> [Work required]
What is wanted is the full listing, word for word, without its pictures.

> [Raw data]
——
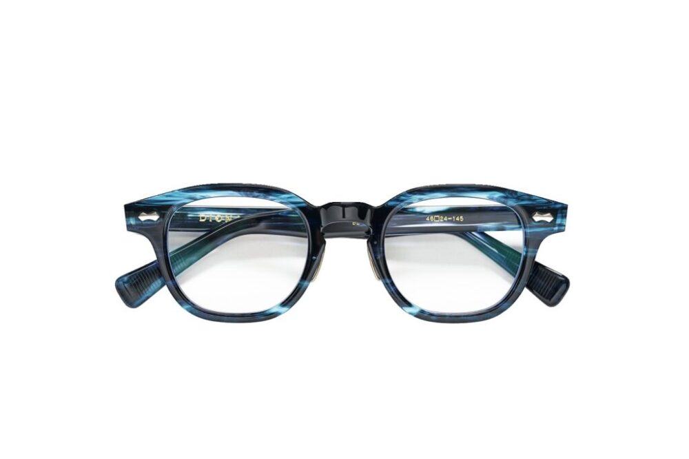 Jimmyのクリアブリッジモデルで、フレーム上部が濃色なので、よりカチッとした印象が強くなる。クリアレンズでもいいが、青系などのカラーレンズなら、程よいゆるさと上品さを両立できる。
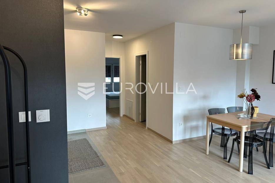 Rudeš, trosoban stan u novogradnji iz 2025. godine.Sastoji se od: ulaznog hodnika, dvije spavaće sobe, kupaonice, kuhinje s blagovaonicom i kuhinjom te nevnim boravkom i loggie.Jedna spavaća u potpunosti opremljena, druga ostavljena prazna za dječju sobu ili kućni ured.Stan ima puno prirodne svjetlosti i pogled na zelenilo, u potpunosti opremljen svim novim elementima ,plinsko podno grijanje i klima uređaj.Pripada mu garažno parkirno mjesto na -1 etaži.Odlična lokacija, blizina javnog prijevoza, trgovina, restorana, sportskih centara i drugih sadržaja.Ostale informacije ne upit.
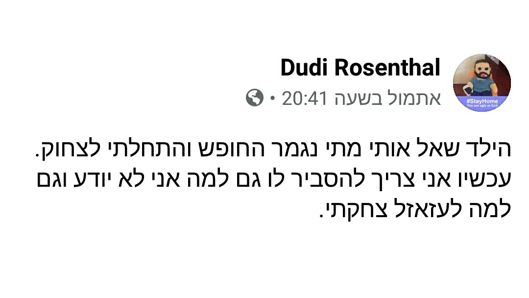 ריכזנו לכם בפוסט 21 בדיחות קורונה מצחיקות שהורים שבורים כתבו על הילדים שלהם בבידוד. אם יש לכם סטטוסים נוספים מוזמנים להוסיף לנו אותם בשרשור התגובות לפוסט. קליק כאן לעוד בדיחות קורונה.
——
> [Written response]
 Jimmyのクリアブリッジモデルで、フレーム上部が濃色なので、よりカチッとした印象が強くなる。クリアレンズでもいいが、青系などのカラーレンズなら、程よいゆるさと上品さを両立できる。
 Rudeš, trosoban stan u novogradnji iz 2025. godine.Sastoji se od: ulaznog hodnika, dvije spavaće sobe, kupaonice, kuhinje s blagovaonicom i kuhinjom te nevnim boravkom i loggie.Jedna spavaća u potpunosti opremljena, druga ostavljena prazna za dječju sobu ili kućni ured.Stan ima puno prirodne svjetlosti i pogled na zelenilo, u potpunosti opremljen svim novim elementima ,plinsko podno grijanje i klima uređaj.Pripada mu garažno parkirno mjesto na -1 etaži.Odlična lokacija, blizina javnog prijevoza, trgovina, restorana, sportskih centara i drugih sadržaja.Ostale informacije ne upit.
 ריכזנו לכם בפוסט 21 בדיחות קורונה מצחיקות שהורים שבורים כתבו על הילדים שלהם בבידוד. אם יש לכם סטטוסים נוספים מוזמנים להוסיף לנו אותם בשרשור התגובות לפוסט. קליק כאן לעוד בדיחות קורונה.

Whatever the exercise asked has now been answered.